Num GPUs Available:  0


In [1]:
import cv2
import numpy as np
import tkinter as tk
from PIL import Image, ImageTk

# Initialize ORB detector
orb = cv2.ORB_create(nfeatures=1000)  # Increase features for better matching

# Initialize video capture and retrieve the frame size
cap = cv2.VideoCapture(0)

# Debugging: Check if webcam is opened properly
if not cap.isOpened():
    print("Error: Could not open webcam.")
    exit()

ret, frame = cap.read()
if not ret:
    print("Error: Could not read from the webcam.")
    exit()

# Get the frame dimensions
frame_height, frame_width = frame.shape[:2]

# Get framerate
framerate = cap.get(cv2.CAP_PROP_FPS)

# Knowledge base to store descriptors of previously seen frames
knowledge_base = []
buffer_size = 10  # Maximum number of stored descriptors

# Tkinter setup
window = tk.Tk()
window.title("Frame Similarity Detection")

# Tkinter variables
seen_before_accuracy_var = tk.StringVar(value="Seen Before Accuracy: 0.00%")  # Variable to hold the similarity percentage
resolution_var = tk.StringVar()  # To display the resolution
framerate_var = tk.StringVar()  # To display the framerate
scale_factor = tk.DoubleVar(value=0.5)  # Variable to hold the scaling factor

# Set initial values for resolution and framerate
resolution_var.set(f"Resolution: {frame_width}x{frame_height}")
framerate_var.set(f"Framerate: {framerate:.2f} FPS")

# Labels for the images
original_label = tk.Label(window)
original_label.grid(row=0, column=0, padx=10, pady=10)

# Label for displaying the seen before accuracy
accuracy_label = tk.Label(window, textvariable=seen_before_accuracy_var, font=("Helvetica", 12))
accuracy_label.grid(row=1, column=0, pady=10)

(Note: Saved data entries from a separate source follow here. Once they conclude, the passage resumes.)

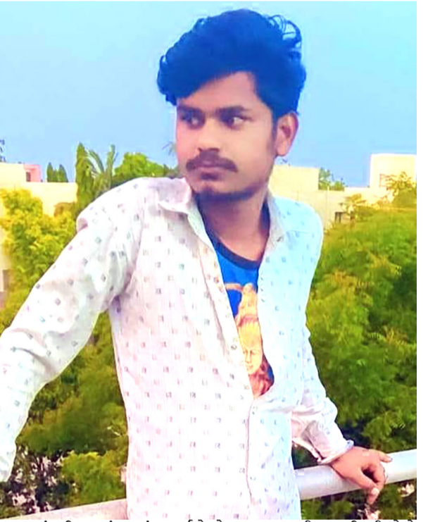
મૃત્યુ થતાં પરિવારમાં કલ્પાંત સર્જાયો છે. આ બનાવથી ત્રણ દિકરીઓએ પિતાની છત્રછાંયા ગુમાવી દીધી છે.
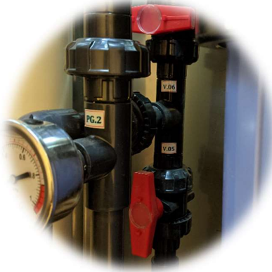
ỐNG VAN U-PVC CAO CẤP ( Hi-class u-PVC piping & valves )
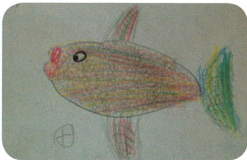
Ryba - dětská práce; experimentální výuka
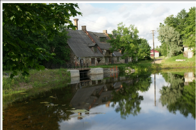
30 Lahmuse N:58-33-37 E:25-26-58
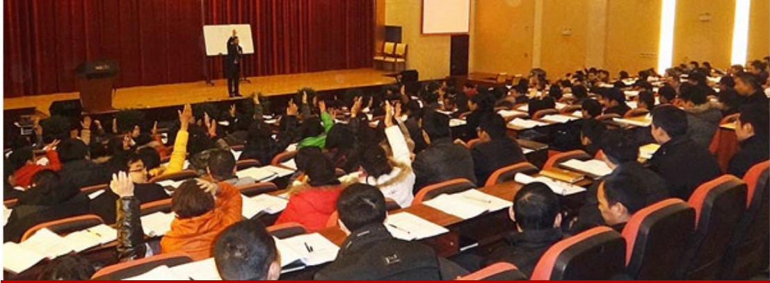
江苏红豆集团内训现场
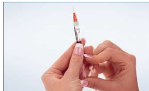
10. With the syringe pointing upward, gently tap on the syringe and slowly push the plunger until all air bubbles are gone and a drop of liquid appears on the tip of the needle.
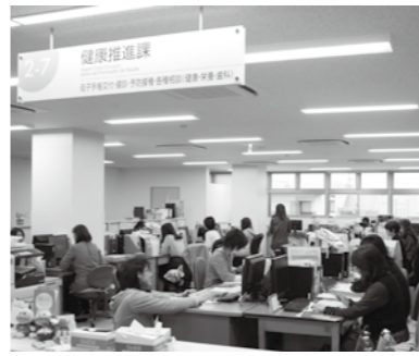
▲明るい雰囲気職場で働く
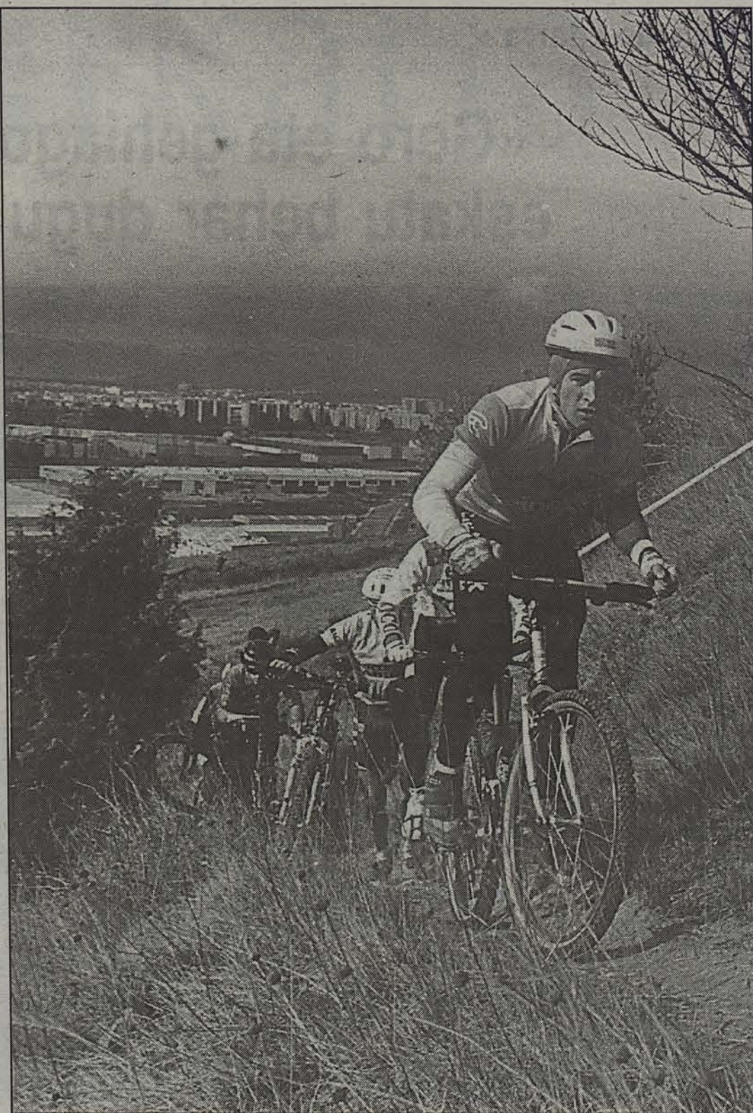
1992-1993an izan zuen mendiko txirrindularitzak gorakadarik nabarmenena.
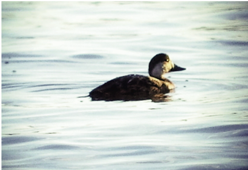
Foto 1. Negreta Melanitta nigra (Common Scoter), femella, Portocolom (Felanitx), 21 de gener de 2013.

Mallorca : s'Albufera, un exemplar el 20 de setembre de 2013, hi ha foto (Maties Rebassa).
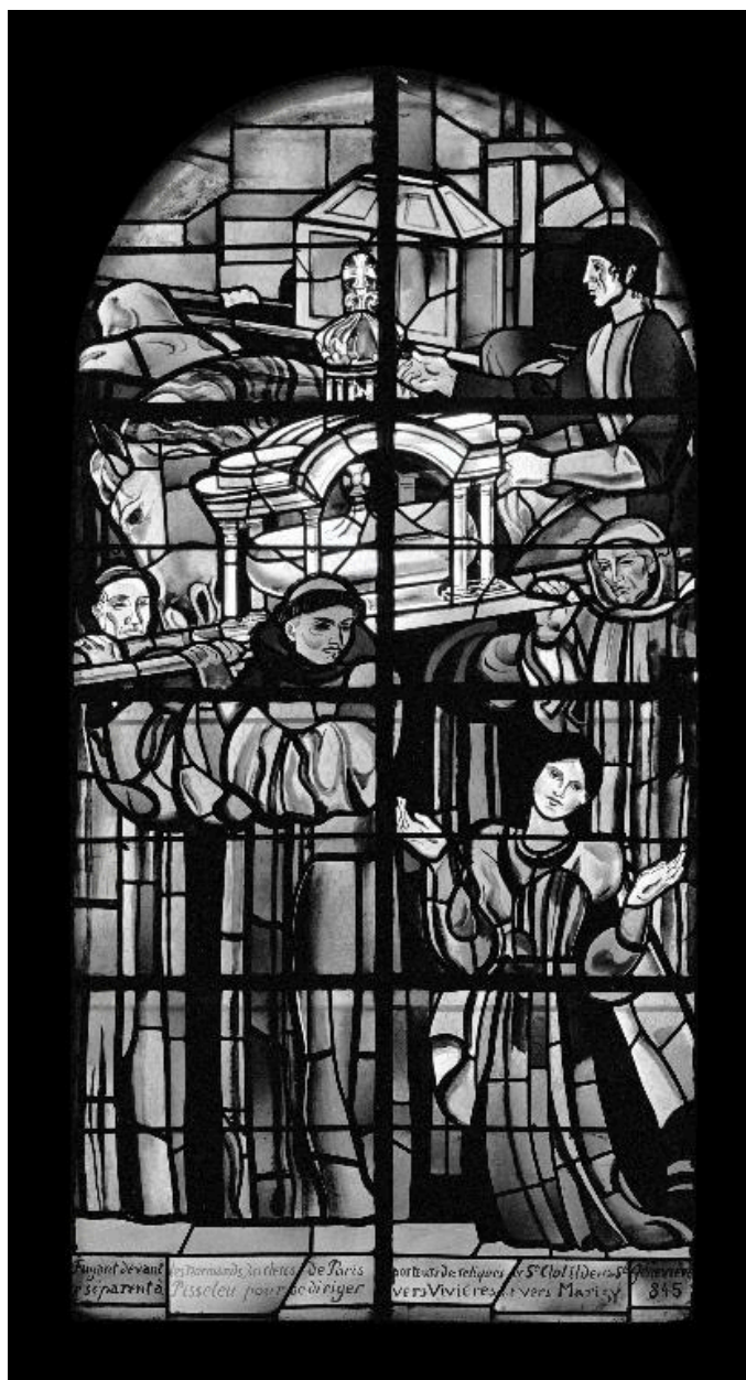
Vue générale de la verrière de la baie 10 : Séparation des reliques de sainte Clotilde et de sainte Geneviève à Pisseleux.
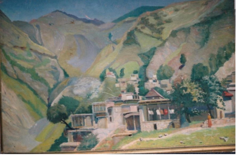
Köhnə Suvagil kəndinin rəsmi. 1959-cu ildə rəssam Salam Salamzadə tərəfindən çəkilməşdir
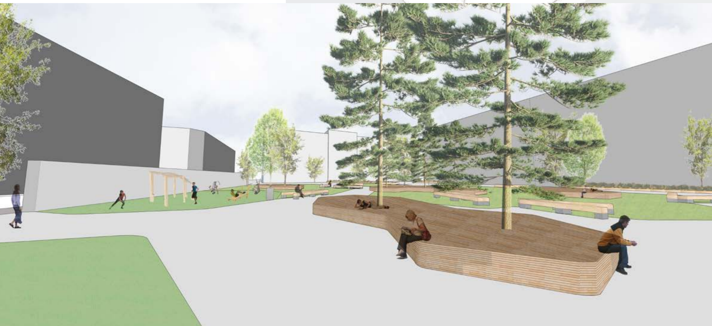
PERSPEKTIVE VOM KINDERGARTEN IN RICHTUNG RESTAURANT PLATO VIENNA

DIE NEU GESCHAFFENEN FLÄCHEN ERINNERN AN DEN GRUNDRISS EINER KIEFER UND SOLLEN EINEN KIEFERNWALD DARSTELLEN. ALS SITZMÖGLICHKEITEN GIBT ES HOLZBÄNKE IN FORM VON NADELN, SOWIE HOLZDECKS, WELCHE ALS LIEGEFLÄCHE GENUTZT WERDEN KÖNNEN. DIE VERWENDETEN MATERIALIEN UND DIE GRÜNE VEGETATION SOLLEN EINEN NATURRAUM IN DER STADT DARSTELLEN. DIE MAUERN SCHIRMEN DEN LÄRM DER ANGRENZENDEN STRASSE AB UND DER PARK WIRD ZU EINEM RUHIGEN UND ENTSCHEUNIGTEN ORT. ENTLANG DER MAUER BEFINDEN SICH ZWEI EPDM FÄCHEN FÜR SPORT- BZW. SPIELMÖGLICHKEITEN. DER HAUPTWEG FÜR DEN DURCHGANG BLEIBT BESTEHEN UND WIRD DURCH STAUDENBEETE UND SITZMÖGLICHKEITEN BEGLEITET. DER GRÖSSTE TEIL DES PARKS IST WIESE, WELCHE MULTIFUNKTIONAL GENUTZT WERDEN KANN. DIE MULTIFUNKTIONALE WIESE IST FÜR SPORT, SPIEL UND ENTSPANNUNG GEEIGNET.
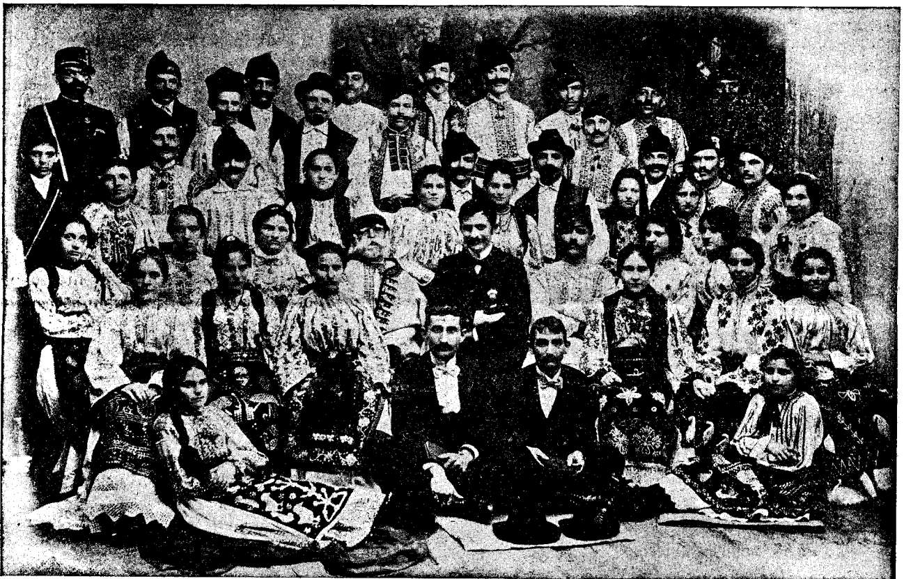
„Ruga dela Chiseteu“ jucată în Recița.

Călugărul Saschi, de câte ori ieșea pe ușa locuinței sale primitive, totdeauna își arunca privirea către poalele dealului. Când era timp limpede, de aici din nălțime ochii săi ageri puteau deosebi lămurit figurile ciobanilor cari plecau cu turma la pășune.
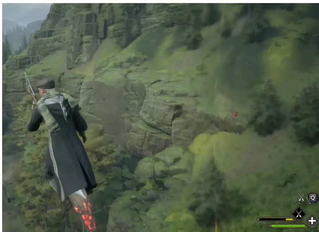
Рисунок 2 – Hogwarts Legacy
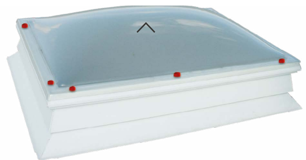
Hailstop, Super Top, PET-TOP

magas ütésállóságú fokozott vandalizmus elleni rezisztencia
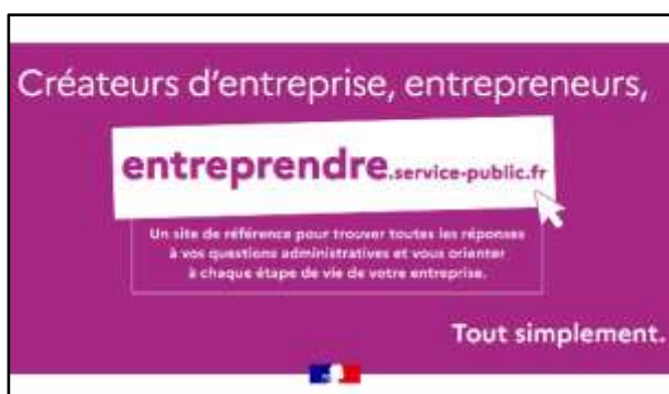
Site d'informations https://entreprendre.service-public.fr

Pour démultiplier son impact , le service a donc vocation à être accessible depuis toutes les ressources destinées aux entreprises. La priorité a été de l'intégrer sur le site d'information et d'orientation des entreprises entreprendre.service-public.fr . Dans une logique d'État plateforme, le service est également présent dans d'autres outils thématiques (simulateur pour l'embauche d'un salarié, moteur de recherche d'aides à la transition écologique) ou portés par des collectivités territoriales comme la Martinique.
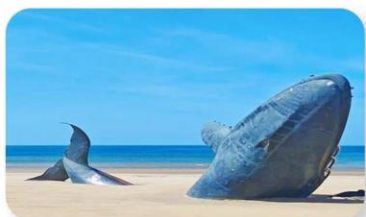
ประติมากรรมวาฬผู้โดดเดี่ยว
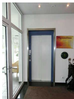
Einstieg - Aufzug zum öffentlichen WC für Menschen mit Behinderung

# Label for displaying resolution
resolution_label = tk.Label(window, textvariable=resolution_var, font=("Helvetica", 12))
resolution_label.grid(row=2, column=0, pady=5)

# Label for displaying framerate
framerate_label = tk.Label(window, textvariable=framerate_var, font=("Helvetica", 12))
framerate_label.grid(row=3, column=0, pady=5)

# Dropdown for selecting the scaling factor
scaling_options = [0.25, 0.5, 0.75, 1.0]
scale_menu = tk.OptionMenu(window, scale_factor, *scaling_options)
scale_menu.grid(row=4, column=0, pady=5)

# BFMatcher to compare ORB descriptors (use NORM_HAMMING for ORB)
bf = cv2.BFMatcher(cv2.NORM_HAMMING)

# Feature extraction function using ORB
def extract_features(frame):
    # Convert frame to grayscale
    gray_frame = cv2.cvtColor(frame, cv2.COLOR_BGR2GRAY)
    # Detect keypoints and compute descriptors
    keypoints, descriptors = orb.detectAndCompute(gray_frame, None)
    return keypoints, descriptors

# Function to compare a new frame's descriptors with the knowledge base
def compare_with_knowledge_base(new_keypoints, new_descriptors, knowledge_base):
    max_similarity = 0
    if new_descriptors is None or len(new_descriptors) == 0:
        return max_similarity
    # Iterate over stored descriptors in the knowledge base
    for stored_keypoints, stored_descriptors in knowledge_base:
        if stored_descriptors is not None and len(stored_descriptors) > 0:
            # Use knnMatch to find the 2 nearest neighbors
            matches = bf.knnMatch(new_descriptors, stored_descriptors, k=2)
            good_matches = []
            # Apply ratio test
            for m in matches:
                if len(m) == 2:
                    if m[0].distance < 0.75 * m[1].distance:
                        good_matches.append(m[0])
            # Calculate similarity as ratio of good matches to total keypoints
            similarity = len(good_matches) / len(new_keypoints)
            max_similarity = max(max_similarity, similarity)
    return max_similarity

# Function to store a new descriptor in the knowledge base if it's new
def store_if_new(keypoints, descriptors, knowledge_base, similarity_threshold=0.7):
    similarity = compare_with_knowledge_base(keypoints, descriptors, knowledge_base)
    if similarity < similarity_threshold:  # If similarity is low, store the frame as new
        knowledge_base.append((keypoints, descriptors))
        if len(knowledge_base) > buffer_size:  # Maintain buffer size
            knowledge_base.pop(0)
        return similarity, True
    return similarity, False

# Update function to capture and process frames
def update():
    try:
        ret, frame = cap.read()

        if not ret:
            print("Error: Could not read frame from webcam.")
            window.after(10, update)
            return

        # Flip the frame horizontally for a mirror effect
        frame = cv2.flip(frame, 1)

        # Resize frame for faster computation
        scale = scale_factor.get()
        display_width = int(frame_width * scale)
        display_height = int(frame_height * scale)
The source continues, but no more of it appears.